Ankara, Purna Warta – Presiden Turki mengatakan dalam pidatonya bahwa Uni Eropa tidak akan dapat memiliki pengaruh yang kuat di dunia tanpa partisipasi dan dukungan dari Turki.
Presiden Turki Recep Tayyip Erdogan mengatakan pada hari Minggu (9/5) yang bertepatan dengan “Hari Eropa” bahwa Uni Eropa membutuhkan Turki, dan Ankara masih menunggu keanggotaan UE meskipun ada hambatan.
“Hambatan besar bagi Uni Eropa untuk menjadi pemain global yang kuat adalah ketidaksabaran dan kurangnya visi strategis,” tambah Erdogan.
Baca Juga : Sejumlah Pejabat Tinggi Turki Kunjungi Libya
Presiden Turki menekankan bahwa UE membutuhkan struktur organisasi yang baru dan efektif dan bahwa mekanisme pengambilan keputusan di UE harus ditinjau ulang.
“Sangat jelas bahwa Uni Eropa tidak akan dapat memiliki pengaruh yang kuat tanpa partisipasi dan dukungan dari Turki,” tambah Erdogan.
“Turki terus mengejar tujuan strategisnya untuk bergabung dengan Uni Eropa, meskipun ada standar dan kriteria ganda yang dihadapinya,” katanya.
Dalam beberapa bulan terakhir, eksplorasi Turki di Mediterania timur telah meningkatkan ketegangan antara negara tersebut dan negara-negara Eropa. Yunani dan Siprus, bersama dengan beberapa negara Eropa, mengatakan tindakan Turki ilegal dan provokatif. Mereka telah memperingatkan Ankara tentang konsekuensinya. Namun Turki menyatakan bahwa mereka hanya mengamankan haknya di Laut Hitam dan Laut Aegea.

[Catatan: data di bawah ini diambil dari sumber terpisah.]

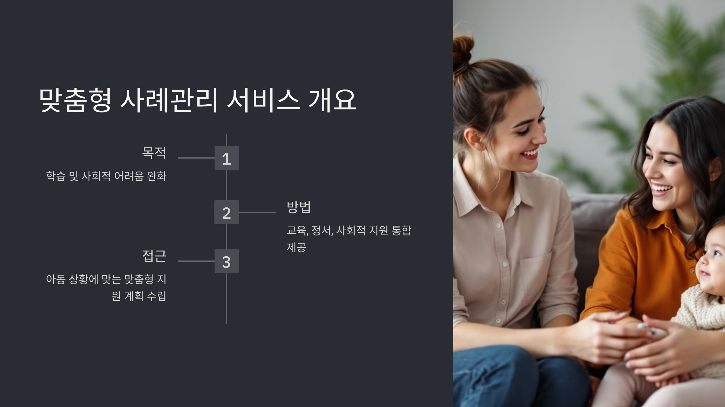 맞춤형 사례관리 서비스는 주기적으로 아동의 상태를 모니터링하고, 추가적인 도움이 필요할 경우 다른 자원과의 연계를 통해 적절한 지원을 이어갑니다. 이러한 모니터링은 아동의 발전 상황을 확인하고 필요에 따라 서비스를 조정할 수 있도록 하여 아동이 최적의 지원을 받을 수 있게 합니다.

Di sisi lain, presiden Turki telah menandatangani dua dokumen dalam beberapa pekan terakhir, salah satunya adalah penarikan negara itu dari Konvensi Istanbul, yang memicu gelombang kritik dari komunitas internasional, yang oleh Uni Eropa digambarkan sebagai pesan berbahaya dari Pemerintah Turki. Turki dianggap anti terhadap hak-hak wanita.
Namun, dalam sebuah pernyataan atas keputusan tersebut, Kantor kepresidenan Turki menjelaskan bahwa alasan penarikan sepihak Ankara dari perjanjian itu adalah karena bagian-bagian telah ditambahkan ke dalam perjanjian itu yang bertentangan dengan nilai-nilai moral Ankara.
Baca Juga : Turki dan Mesir Sambung Kembali Hubungan yang Putus Selama 8 Tahun
Perjanjian Istanbul ditandatangani oleh 13 negara anggota Dewan Eropa di Istanbul pada tahun 2011 dan bertujuan untuk memerangi kekerasan terhadap perempuan, kekerasan dalam rumah tangga, pemerkosaan dalam pernikahan dan segala jenis pelecehan dan diskriminasi terhadap perempuan. Saat ini jumlah anggota perjanjian tersebut telah bertambah menjadi 45 negara.
Menurut Euronews, Turki adalah negara pertama yang meratifikasi konvensi tersebut, yang merupakan arahan hukum dan mengikat pertama untuk memerangi kekerasan terhadap perempuan, menekankan pencegahan kekerasan dalam rumah tangga, perlindungan korban dan penuntutan pelaku.